A comparison between procainamide and propafenone in 62 patients, who had undergone coronary artery bypass grafting or valvular surgery within 3 weeks and developed sustained atrial fibrillation, showed that both drugs converted the dysrhythmia to sinus rhythm in up to 76% of cases, but that propafenone did it more quickly [ ]. Symptomatic arterial hypotension occurred more frequently with procainamide (nine of 33 patients) than with propafenone (two of 29 patients). Other adverse effects of procainamide were nausea (n = 2) and junctional escape rhythm (n = 2).

Cardiovascular

Procainamide has a negative inotropic effect and can cause hypotension after both intravenous and oral administration [ , ]. When given intravenously it should therefore be infused slowly, at no more than 20 mg/minute. In patients with poor cardiac function procainamide can worsen heart failure, and it may reduce survival after myocardial infarction [ ].

Procainamide prolongs the QT interval [ ] and can cause dysrhythmias. It can also impair cardiac conduction and can cause bradycardia and heart block [ ]. In the sick sinus syndrome it can alter sinus node recovery time [ ], although the clinical significance of this is not clear.

Pericarditis and tamponade have been reported as rare complications of procainamide-induced lupus-like syndrome [ ].

Respiratory

Procainamide can cause lung damage in the context of a lupus-like syndrome [ , ].

Nervous system

Procainamide rarely causes nervous system reactions. Acute confusion [ ], cerebellar ataxia [ ], tremor [ ], and muscle weakness [ ] have all been occasionally reported. In high dosages procainamide has anticholinergic effects [ ].

Procainamide has been reported to cause a chronic inflammatory demyelinating polyradiculoneuropathy [ ].

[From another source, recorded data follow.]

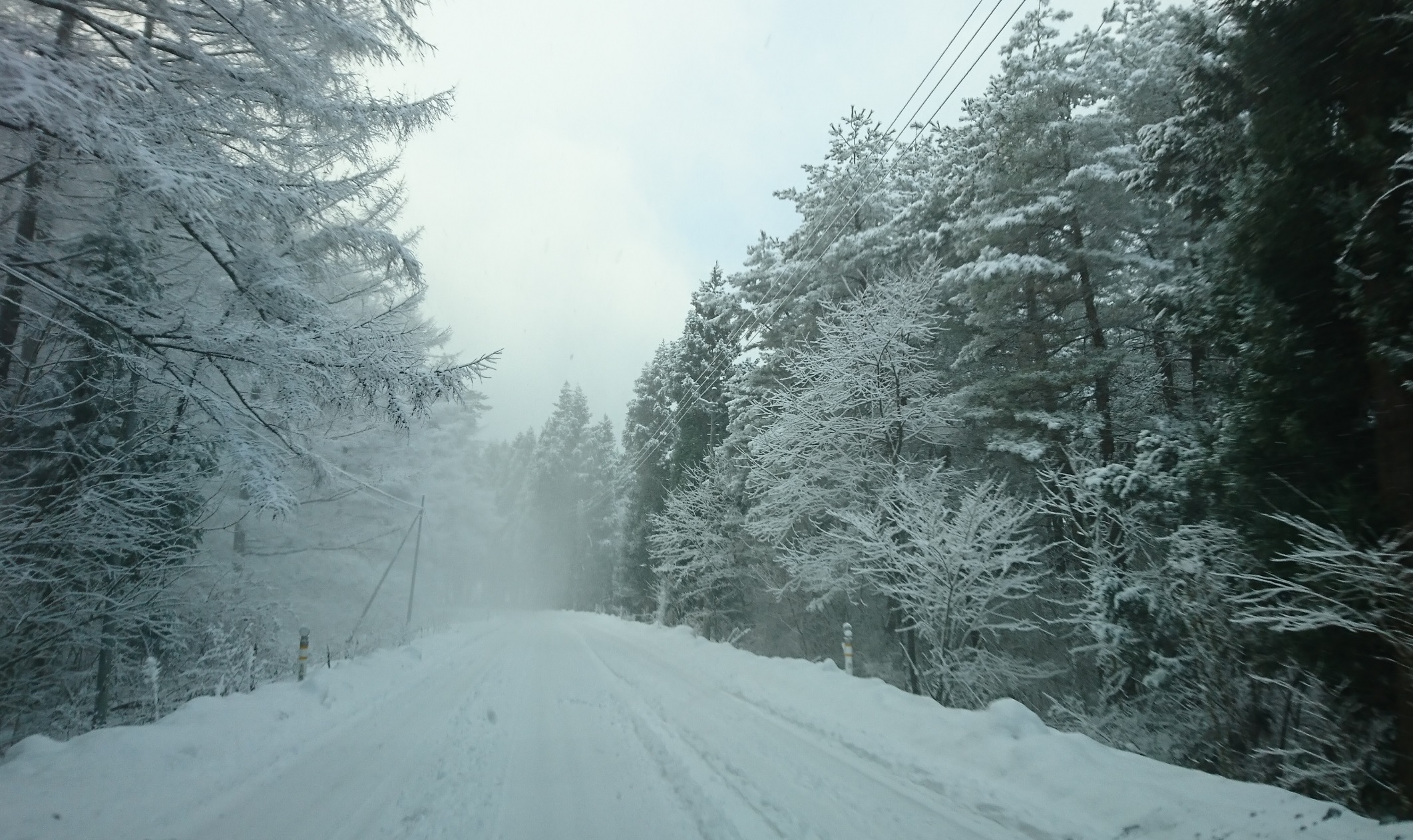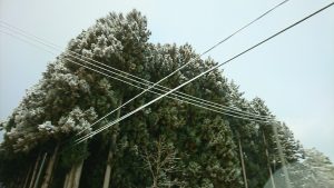 電線に雪が積もって白くなる。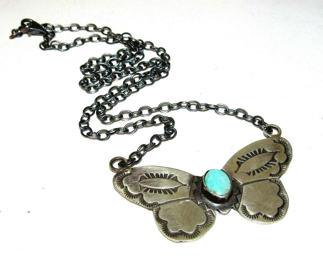 For your consideration is this stunning Navajo sterling silver and Kingman mine turquoise butterfly bar necklace. The necklace is about 18", length can be adjusted. The butterfly bar pendant measures about 2" wide by 1.5" tall. Signed and marked "sterling". Hallmarked. Gorgeous sterling butterfly pendant , oxidized sterling chain necklace. Signed, tested. Fab necklace.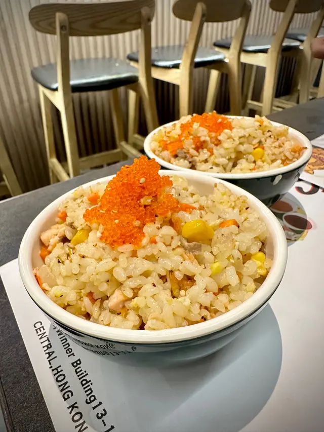 滿滿既三文魚炒飯,飯面炒至金黃乾身而且粒粒分明,上面仲鋪上三文魚籽,食落每一口都夾雜住三文魚粒同粟米粒,香口美味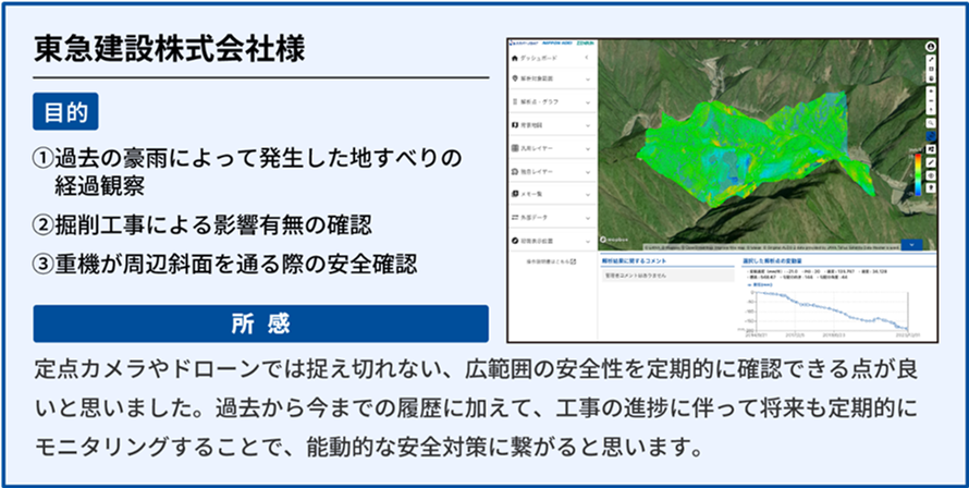 これにより、昨今頻発する災害や、社会課題となっている老朽化したインフラの増加に対し、日々少ない人手やコストで業務されている方々にとって、負担が少なく手軽にご利用可能となります。また、現場の方々の予防保全の意思決定をサポートすることにより、災害に対する不安の低減を図ることで安全・安心なまちづくりに貢献します。

• A 68-year-old man took procainamide 500 mg qds for 3 years and developed distal paresthesia and dysesthesia in the legs, followed by progressive muscle weakness, mainly affecting the legs. His gait became unsteady and was wide-based. He had antinuclear antibodies directed against histones in a titer of 1:320, but no antibodies to double-stranded DNA. He had a circulating lupus anticoagulant. The serum procainamide concentration was 3.3 μg/ml (target range 4–8). Nerve conduction studies showed a reduction in sensory nerve action potential amplitudes, a mild reduction in sensory nerve conduction velocity, prolongation of distal motor latencies, and reduced conduction velocities, but no conduction block or temporal dispersions. Electromyography was normal. A left sural nerve biopsy showed perivascular inflammation around a single vessel, without evidence of vasculitis. Myelinated nerve fibers were reduced, and scattered nerve fibers showed thin myelin sheaths. About 30% of the fibers showed randomly distributed demyelinated or remyelinated segments. Procainamide was withdrawn and prednisone was given in combination with six plasma exchanges over 2 weeks; after 1 month there was clinical improvement.

This case of polyneuropathy was attributed to a lupus-like effect of procainamide.

Sensory systems

Scleritis has been reported as part of a procainamide-induced, lupus-like syndrome [ ].

Psychiatric

Acute psychosis has been attributed to procainamide [ ].

• A 45-year-old woman developed an acute psychosis within 72 hours of starting to take procainamide 75 mg intravenously, followed by a continuous infusion of 2 mg/minute for atrial fibrillation. The plasma procainamide concentration was 8.2 μg/ml and the plasma concentration of the main acetylated metabolite, acecainide, was 4.6 μg/ml. She was then given oral procainamide 500 mg qds, and 2 days later her trough concentrations of procainamide and acecainide were 4.5 and 4.9 μg/ml respectively. The following day she had visual hallucinations and was later found wandering the hospital asking about the babies under her bed. She had no previous history of psychiatric illness and she recovered completely 24 hours after withdrawal of procainamide.

There have been a few previous reports of similar adverse reactions to procainamide in therapeutic dosages, and in most cases the plasma concentrations of procainamide and acecainide have been within the usual target ranges, as in this case.